The glass half full - after the Honkers hangover

The glass half full – after the Honkers hangover

The glass half full – after the Honkers hangover

With the bitter taste of defeat having receded a little (it’s gone from vomit in mouth to stinging heartburn) I’ve started to reflect on some of the more positive developments in the Wallabies play that we saw in Hong Kong.

The four training camps since the last Bledisloe – labelled by participants as the toughest they’d been in – has given the coaching set up a good crack at getting beyond the fundamentals of the Wallabies play, and the changes – although some still half baked – have been fascinating to watch.

One of the themes starting to emerge is a willingness to explore the width of the pitch. Note on Saturday how the back three of Hynes, AAC and Mitchell would ship the ball across field on long kick returns. While unfortunately the ultimate result tended to be a misdirected kick back downfield, we also saw them at the very least buy time and on a few occasions find holes to attack.

It’s not the quality of the feared Crusader counter-attack just yet, but with confidence built over time this could become a feature of Wallaby play that doesn’t just rely on Lote or the long lost Latho pulling a rabbit out of the hat.

To go with this width usage, was a much improved ball handling capability – in the first half anyway.
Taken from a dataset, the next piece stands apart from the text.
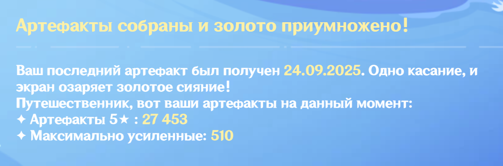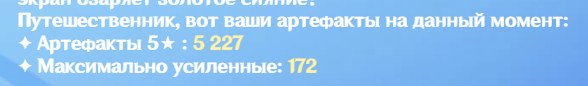 Пиздец, даже у меня 5к артов нафармленные, а я их в последний раз фармил хоть как-то только в середине Иназумы Сколько там цифры у тех кто фармит каждый сет и каждый день?

Crisp passing finding men in space, at angles or looping back to relieve pressure. Halfway through the first half I believe the handling errors were something like 5-1 our way.

We were also a Mortlock’s hand away from the most beautiful try of the night on about the 44th minute, following the scrum that the Wallabies elected to take from McCaw’s penalty. Mortlock had drawn the whole AB midfield and had that Giteau pass found Hynes ghosting in behind AAC, there was nothing between him and the line. Again, it wasn’t perfect, especially in the second 40, but even the kiwi commentators noticed it.

What the Sky Sports NZ also picked up on was the intensity – especially in the first half. What I liked about this was the re-emergence of counter-rucking and competition at the breakdown when in defense, putting Cowan and co. off their stride. I thought Smith, Brown, Mumm and Chisholm (yes, Chisholm) all got stuck into this. We need more of this from bigger blokes for longer, but it’s a start.

Did I mention Luke Burgess? (hehe) Having seen the Wallabies without him, it’s hard to credit the guy with too much influence. His speed around the breakdown is now key to the Wallabies attack and his covering defense outstanding in a vital role around and behind the ruck. All this in his first season and back from an injury. Someone start a Burgo half-back cloning scheme pronto.

Last but not least was the scrum. Even the professional northern hemisphere whinger Stephen Jones noted some of the hits the pack were putting on the AB scrum, and this was conceding 30kgs.

Australia played very well in patches, their scrum was even solid in parts and their play behind the scrum and in attack was more incisive and clinical than that of New Zealand.

I can’t remember seeing an Aussie scrum getting as much go forward on their own ball for a long time, let alone against the Kiwis. I’ll keep my powder dry until Twickenham, but if we hold our own there then I for one will push for the canonisation of Michael Foley. Chickens before they’ve hatched and all that though.

Real, meaningful progress. Or just wishful thinking after another loss?